Le choix se porte sur la Martinique, où, par chance, se trouve Matthieu Jones, patron de la société Alternative Sailing (location de voiliers) et armateur du Class40 du même nom (qu’il a co-skippé avec Estelle Greck sur la dernière Transat Jacques Vabre). Ce dernier dégote un Lagoon 450F, tandis que sur place, l’équipe d’Alternative Sailing, en liaison avec Romain Gayant, préparateur du Class40, trouve le matériel nécessaire au remorquage et quelqu’un pour l’avitaillement. L’équipe normande (Cédric Chateau, Guillaume Pirouelle, Christophe Thébaud, Romain Gayant, Timothé Polet, Philippe Corson, Marie-Armelle Thébaud) s’envole pour la Martinique le mercredi 13 et appareille du Marin le lendemain pour rejoindre le Class40, distant de 950 milles.
Après cinq jours de mer, il établit enfin le contact visuel avec le bateau, sur lequel montent Guillaume Pirouelle et Romain Gayant. “C’était un peu le désordre, décrit le premier, avec pas mal d’eau et de gasoil partout, parce que des bidons avaient fui.

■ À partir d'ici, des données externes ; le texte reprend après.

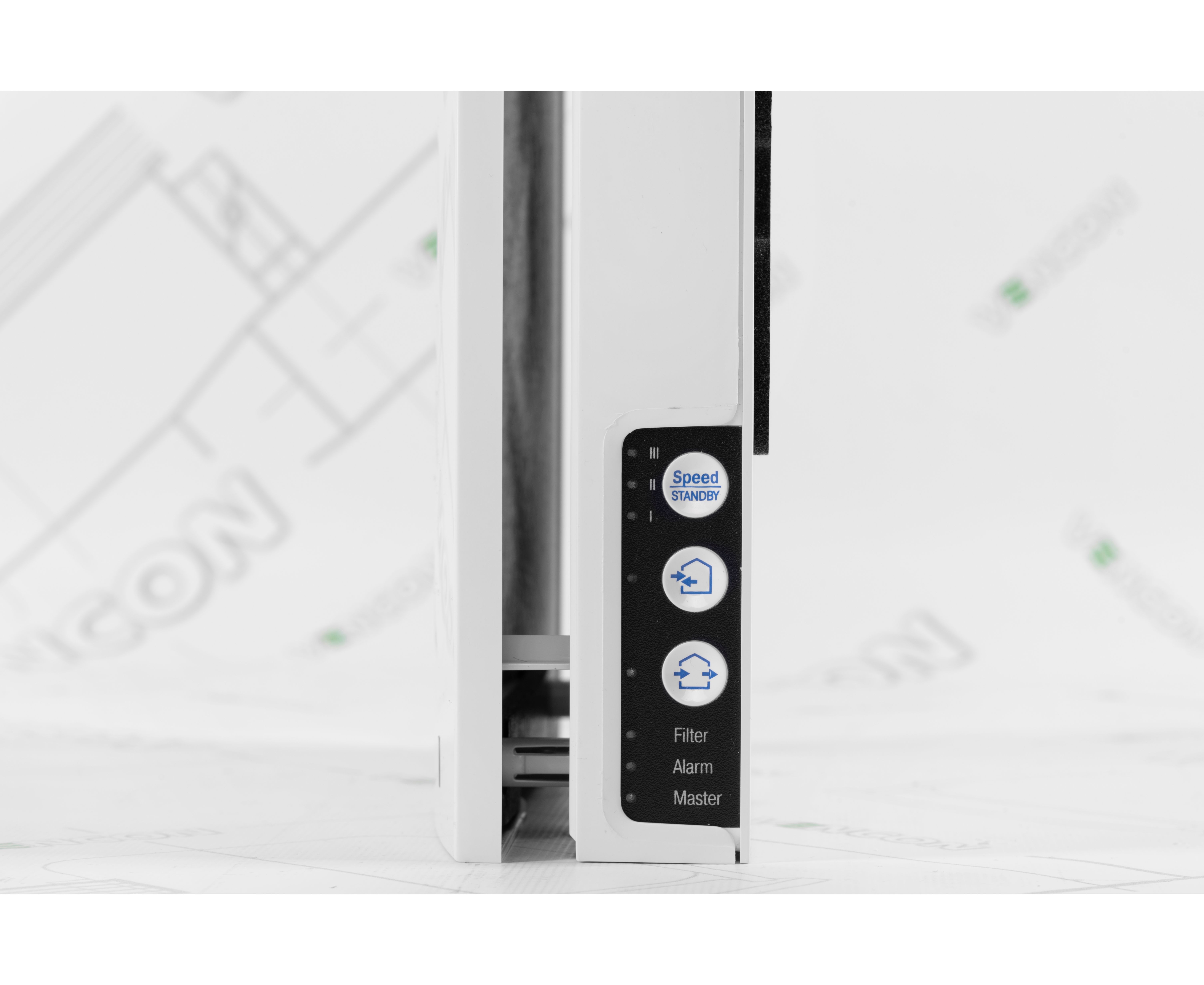 Кроме сенсорных элементов управления скоростью и режимами, на внутреннем блоке рекуператора есть также индикаторы:

Ce n’était pas possible de passer la nuit à bord, ce qui était notre première intention pour être sûr que tout se passe bien.” Après quelques essais de tractage, la « caravane » se met en route à la nuit tombée vers la Martinique où elle devrait arriver entre lundi et mardi prochains.
La suite ? “On explore toutes les options, notamment parce qu’on a des doutes sur l’intégrité du mât, une barre de flèche s’est cassée pendant le transbordement et il a peut-être été abîmé par la foudre”, répond le skipper. Qui sait qu’il devra faire l’impasse sur la première partie de saison. “C’est une grosse déception car on allait passer à la phase de développement et d’amélioration des performances. On n’a pas eu beaucoup de chance, j’ai lu que la probabilité de prendre la foudre était d’une sur un million, mais en même temps, on est très contents d’avoir récupéré le bateau.”